About

FTP, A Boring Article On How To Use (Real)

File Transfer Process, TCP/IP (boring)



    Alex's Beginners guide to using FTP

    Sometimes you want to make a copy of a file which is on a machine far away on the internet. It may be on another continent or across the room. The owner of that machine may be perfectly happy to let you have the copy but doesn't want to give just anybody access to his machine. The File Transfer Process lets system administrators devote a section of their hard disks for files which can be copied to other computers (it sometimes allows new files to be uploaded too). You don't get to fully use the machine as you would in a telnet session or rlogin. Instead you are limited to a set of commands with which you can copy files to your local machine but do no damage on the remote machine.

    You must open a connection to the remote machine.

    ftp <ip.address>

    <ip.address> can be the numeric form eg 132.24.99.2 or a valid machine name such as vela.acs.oakland.edu

    ftp vela.acs.oakland.edu

    You will then be asked for your id and password. If the machine is private then you need to be told this by the system administrator. If the remote machine intends to let anyone use it then it will probably have a user id called "anonymous" (hence the phrase "Anonymous FTP"). In place of the password the remote machine will ask for your email address. It will record this and might complain if it is different from your local machine's name.

    anonymous
    me@mymachine.mysite.ac.uk

    If this works then you will be presented with a welcome message telling you not to do anything naughty and you will be placed in an appropriate directory.
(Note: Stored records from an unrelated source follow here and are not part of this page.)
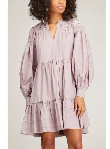 Excellent preowned condition, no flaws. Size: 2 Made of 100% cotton Stretch: none Care: dry clean Closure: pull over styling Style Notes: light purple gray color, mini lenght, tiered skirt, v neck, balloon sleeve, cotton, light weight, oversized fit Tags: ulla johnson, spring, fall, summer, mini, cotton, tiered, long sleeve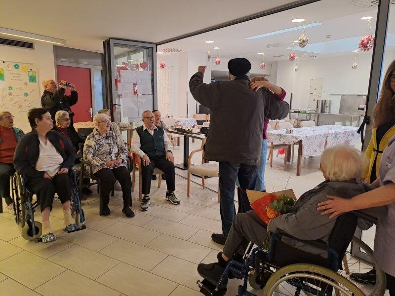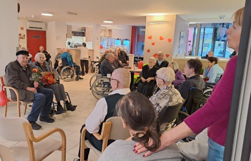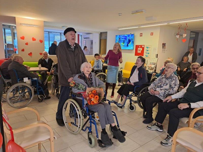 Dan pred Valentinovim sta v Domu praznovala 60. obletnico poroke zakonca Cenc. Ob tej priložnosti jima je čestitala go. direktorica Danica Hren, pevski zbor pa jima je zapel nekaj pesmi. Bilo je zelo lepo in ganljivo, gospod in in gospa Cenc pa sta nas vse navdušila s svojim ljubečim odnosom.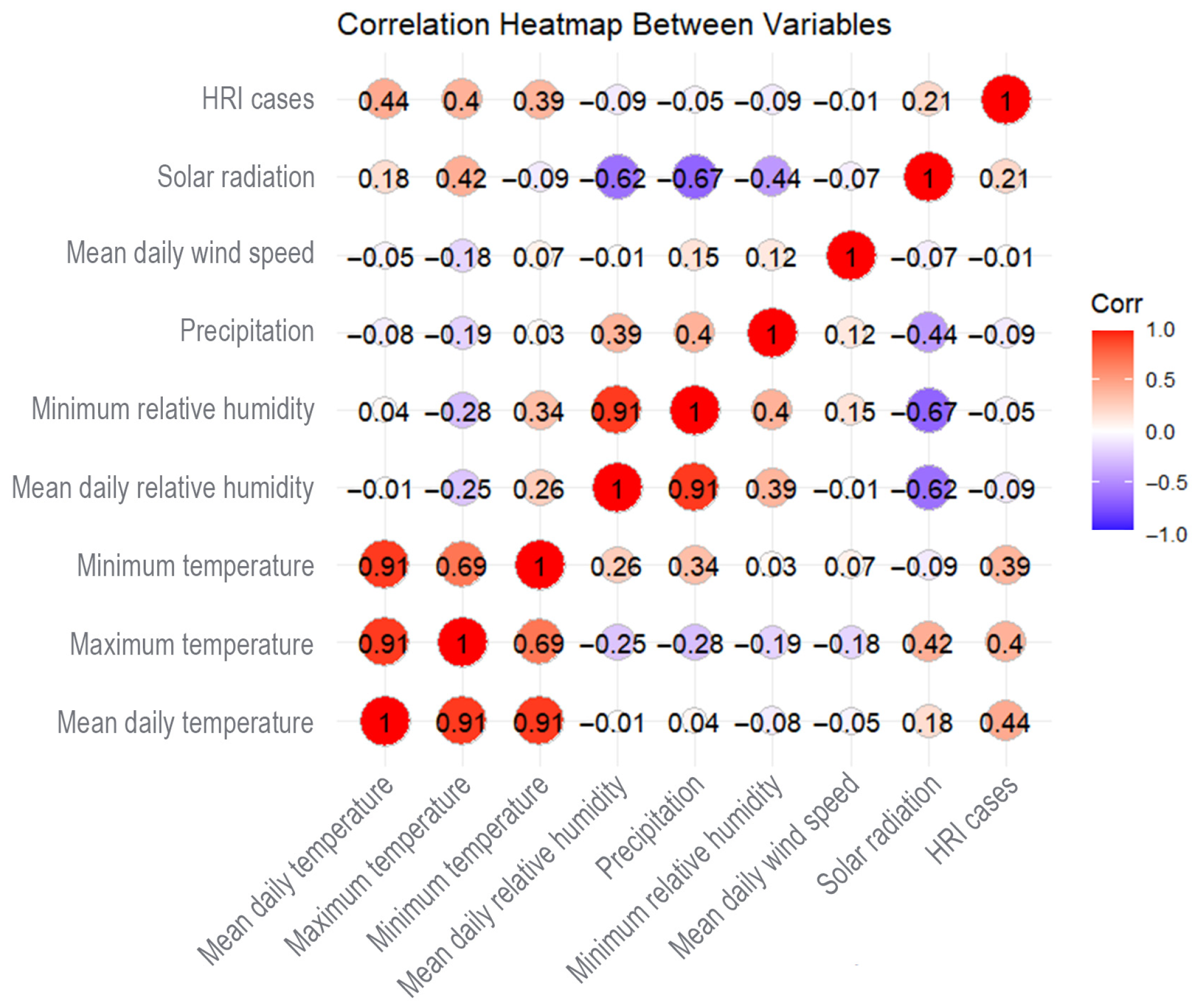 - Xu, H.; Guo, S.; Shi, X.; Wu, Y.; Pan, J.; Gao, H.; Tang, Y.; Han, A. Machine Learning-Based Analysis and Prediction of Meteorological Factors and Urban Heatstroke Diseases. Front. Public Health 2024, 12, 1420608. [Google Scholar] [CrossRef]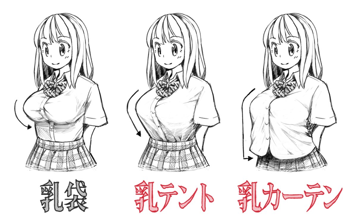乳テントと乳カーテンはリアルにありえる絵だけど乳袋は、どういう布地を使っているんだろう、縫製はどうなってるんだ? という疑問しかわかない。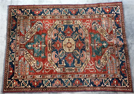 Tappeto Azeri, Caucaso, secolo XX. Disegno a medaglione ottagonale azzurro su...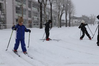 3限、4限、2-1は体育「クロスカントリースキー」。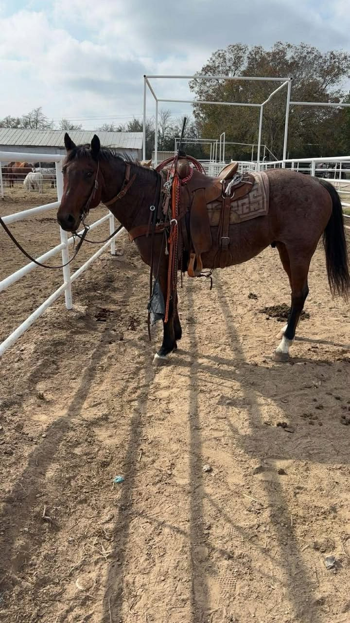 Nacho is reliable and knows a days work! He has done all aspects of ranch work. We’ve used him to rope, sort, doctor, load trucks, etc. He is desensitized to a flag, been around cattle, worked with dogs. Nacho is gentle and will get any job you need done but he is a cowboy’s horse. He stands tied quietly, loads/unloads, stands to be bathed and is easy for anybody to handle.

This is usually /pub, meaning the directory containing the public files.

    To list the files in that directory use

    ls

    (Directories usually have a line starting with a d)

    To change directory you use cd.

    cd /pub
    cd galactic-guide
    cd theguide

    Now see if the file you want is there.

    ls

    You should see files including something like tg145.zip, or complete.zip.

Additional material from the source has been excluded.